* _PROBLEM TO WORK ON_
Write out the listing verbatim. No pictures belong in it.

* _DATA EXTRACT_
-- Opening Marker --

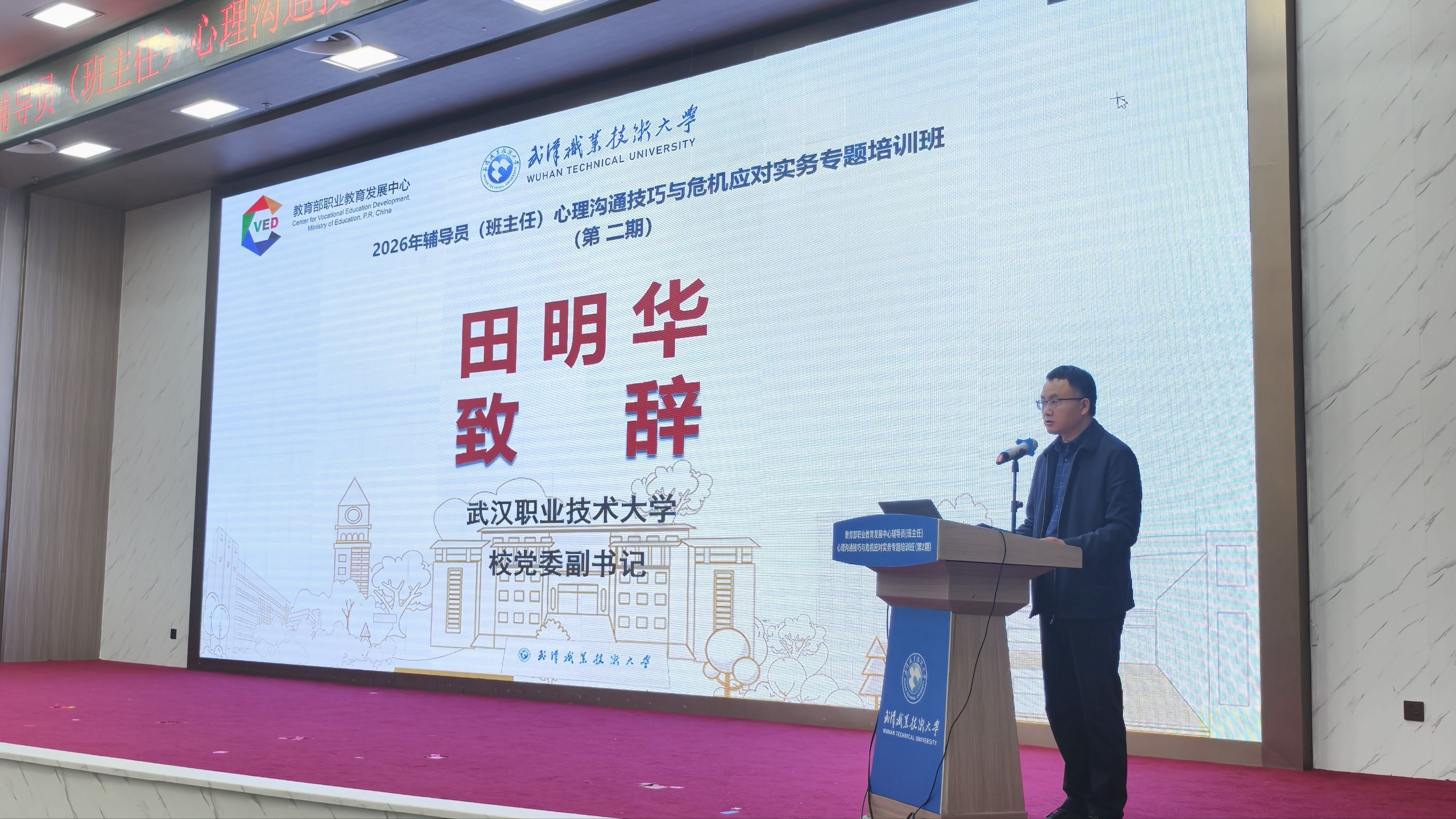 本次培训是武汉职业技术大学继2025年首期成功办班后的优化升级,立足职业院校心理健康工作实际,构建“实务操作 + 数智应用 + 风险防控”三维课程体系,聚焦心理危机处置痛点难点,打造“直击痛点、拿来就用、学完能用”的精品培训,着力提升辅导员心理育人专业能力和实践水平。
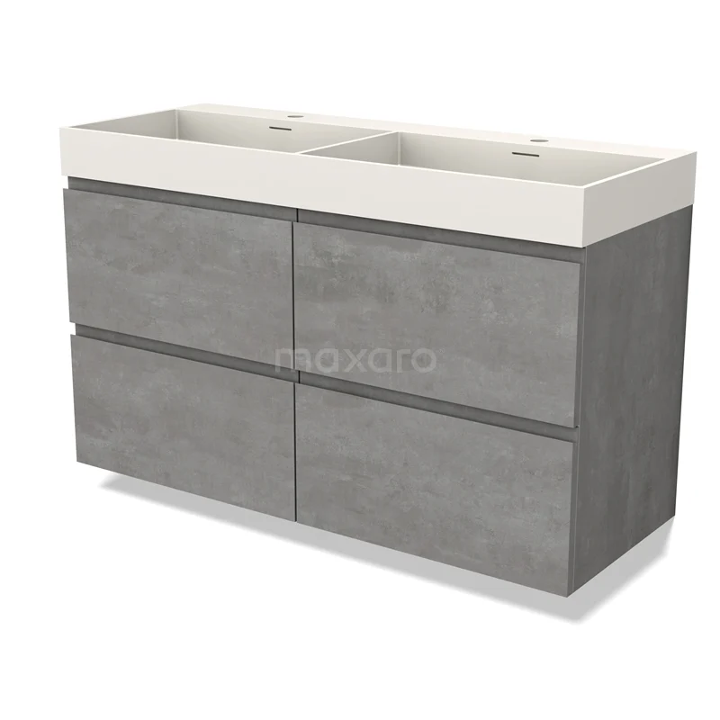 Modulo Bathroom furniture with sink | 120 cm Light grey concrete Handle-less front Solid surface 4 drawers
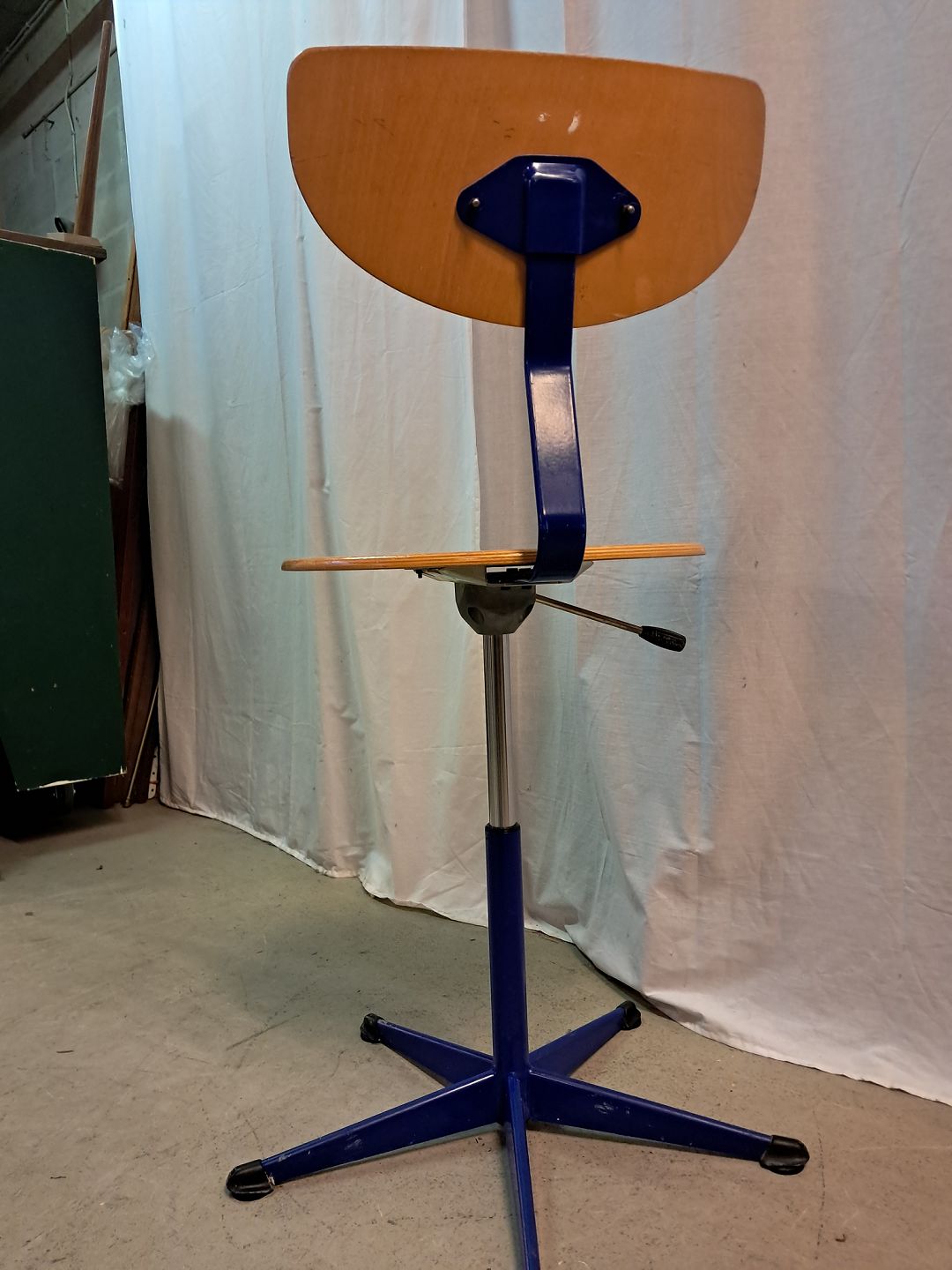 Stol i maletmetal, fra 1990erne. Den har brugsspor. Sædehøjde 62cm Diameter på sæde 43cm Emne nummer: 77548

-- Closing Marker --

* _RESULT BELOW_
 本次培训是武汉职业技术大学继2025年首期成功办班后的优化升级,立足职业院校心理健康工作实际,构建“实务操作 + 数智应用 + 风险防控”三维课程体系,聚焦心理危机处置痛点难点,打造“直击痛点、拿来就用、学完能用”的精品培训,着力提升辅导员心理育人专业能力和实践水平。
 Modulo Bathroom furniture with sink | 120 cm Light grey concrete Handle-less front Solid surface 4 drawers
 Stol i maletmetal, fra 1990erne. Den har brugsspor. Sædehøjde 62cm Diameter på sæde 43cm Emne nummer: 77548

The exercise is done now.